容姿こそ恵まれている少年であったが、貴族階級に属している彼の環境下ではルックスの良さなど全くの没個性である。中流貴族生まれ、勉学も剣技も全てが並。上を見れば果てしない財産と才能を持った社会的強者達、下を見たとて一般的な王都庶民より贅沢な暮らしを満喫する下流貴族の成功者達。
つまり、この世界において自分は特筆するべき点が無い、全く持って平凡で、死のうが消えようが世間的には全然気にされない、無として扱われても致し方ない“普通”の存在であったのだ。
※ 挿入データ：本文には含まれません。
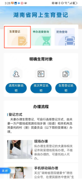 网上生育登记(《湖南省生育登记回执》)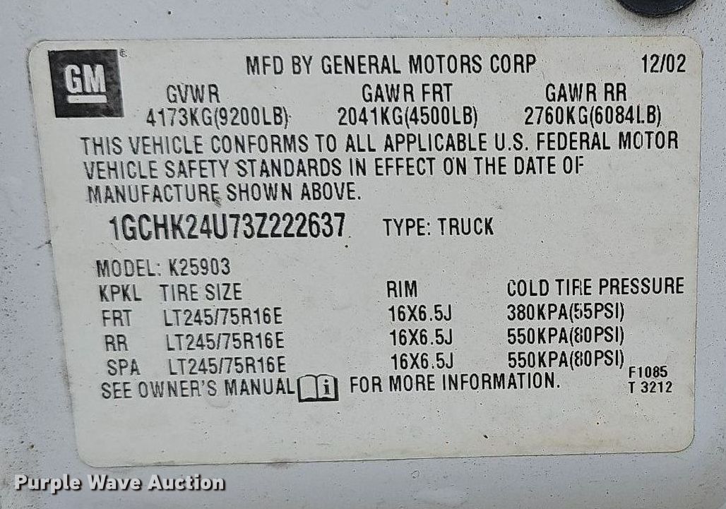 Purple Wave is selling a used 3/4 or 1 Ton Pickup or Van in Missouri. This item is a 2003 Chevrolet Silverado 2500HD pickup truck with the following: Miles: 189,191 on odometer, VIN: 1GCHK24U73Z222637

だからこそ彼は剣を振るい続ける。数ヵ月後に行われる“聖剣継承戦”で優勝し、勝利と栄光、そして聖剣を掴めるように、何度も血豆を潰し、身体の感覚が無くなるまで、ただひたすらに剣を振るう。
自分を馬鹿にし見下した社会的強者の連中を越えられるように。強者に媚びへつらい、下の立場である自分に厳しく当たる中途半端な身分と人間性しか持ち合わせていない父親を見返せられるように。まだ幼い弱者である妹が、自分のような蔑まされる存在にならないように。
「……なるんだ! 絶対になるんだ! 聖剣の勇者に俺がなるんだッ!!」
そして何者にもなれず、ただの凡人である自分が、皆の英雄である聖剣の勇者になれるように。月のスポットライトに照らされ、人形や的に見守られながら、少年は剣を振るい続けるのであった――。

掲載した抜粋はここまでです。